I don't think Weidman could beat Silva right now, or even in a year, but once Chris reaches his full potential and sharpens up his game I can see him beating Anderson. He has a scary blend of athleticism, wrestling and an extremely dangerous ground game, which are three major things you need to be able to utilize against Anderson. Working with Ray Longo and Costa Philippou, his striking is only going to get better. The area I see Weidman needing to work on the most is his explosiveness. The thing that worked for Chael so well against Anderson was his explosive double. Weidman doesn't have that. One small (very small) dent in Anderson's game is that he lacks a natural base what makes defending takedowns easier. If Weidman can develop an explosive double I can see him giving Anderson a very, very tough fight.


----------



## Killz (Oct 5, 2009)

Ari said:


> I don't think Weidman could beat Silva right now, or even in a year, but once Chris reaches his full potential and sharpens up his game I can see him beating Anderson. He has a scary blend of athleticism, wrestling and an extremely dangerous ground game, which are three major things you need to be able to utilize against Anderson. Working with Ray Longo and Costa Philippou, his striking is only going to get better. The area I see Weidman needing to work on the most is his explosiveness. The thing that worked for Chael so well against Anderson was his explosive double. Weidman doesn't have that. One small (very small) dent in Anderson's game is that he lacks a natural base what makes defending takedowns easier. If Weidman can develop an explosive double I can see him giving Anderson a very, very tough fight.


I dare say by the time Weidman is good enough to beat Anderson (if ever) that anderson will be pretty much retired.


----------



## TanyaJade (Aug 31, 2010)

Killz said:


> I dare say by the time Weidman is good enough to beat Anderson (if ever) that anderson will be pretty much retired.

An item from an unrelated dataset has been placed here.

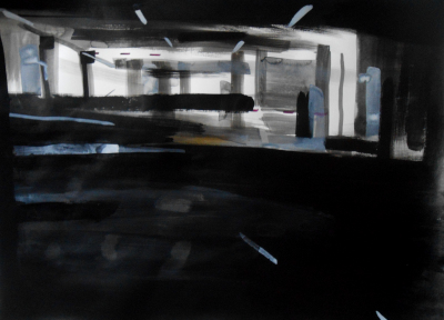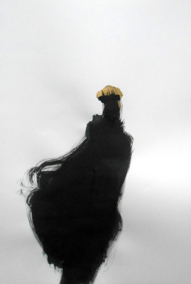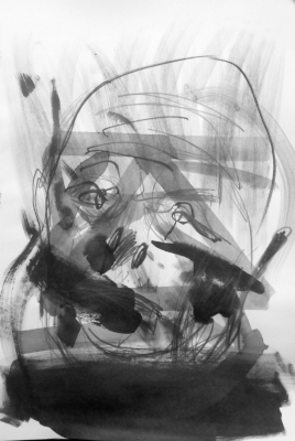 Manchmal, und gar nicht mal so selten, passiert es mir, dass ich zu einem bestimmten Anlass, einem bestimmten Projekt und Auftrag eine Technik benutze, benutzen muss, die ich ansonsten gar nicht so sehr anwende. Hier ist das auch wieder der Fall. Es ist noch gar nicht klar, ob diese Zeichnungen für dieses geplante Buchprojekt verwendet werden, ob es dem Verleger so gefällt, wie wir uns das denken. Es hat sich aber ergeben, dass die Arbeit mit Tinte (die man mir überraschenderweise zu Weihnachten geschenkt hat) besser passt als Tusche oder Graphit oder was auch sonst immer wieder in Frage hätte kommen können. Die Verwischungen der noch nassen (und nicht gänzlich schwarzen) Tinte erzielt Effekte, die ich ansonsten eher ablehnen würde, die mir hier, sowohl formal als auch inhaltlich zu passen scheinen. Und das ist, auch in diesen glücklosen Zeiten, dann doch ein Glück.

Well, who honestly knows at this point. Anderson looks like he could fight for quite a few more years if he actually wanted to. But Weidman is already scary good and is only going to get better and better. IMO he posses the blueprint skillset for beating Anderson, while Anderson may be the best mixed martial artist on the planet, he's not immortal.


----------



## Killz (Oct 5, 2009)

Ari said:


> Well, who honestly knows at this point. Anderson looks like he could fight for quite a few more years if he actually wanted to. But Weidman is already scary good and is only going to get better and better. IMO he posses the blueprint skillset for beating Anderson, while Anderson may be the best mixed martial artist on the planet, he's not immortal.


Oh yeah, for sure. Im just speculating, as are we all. Nobody can truly say how it would go down until the time it actually happens. 


P.S, I have Bisping beating Weidman if they fought right now.


----------



## TanyaJade (Aug 31, 2010)

Well, on THAT subject we'll have to disagree 

Silva, Sonnen, Weidman, Okami, Rockhold, Lombard, Boetsch, and Belcher all beat Bisping. Not trying to diss Bisping, just my honest opinion.


----------



## Roflcopter (Sep 5, 2008)

Weidman is already 28 years old going on 29 and has a history of knee injuries. It's not like this guy has a Jon Jones type of development period ahead of him.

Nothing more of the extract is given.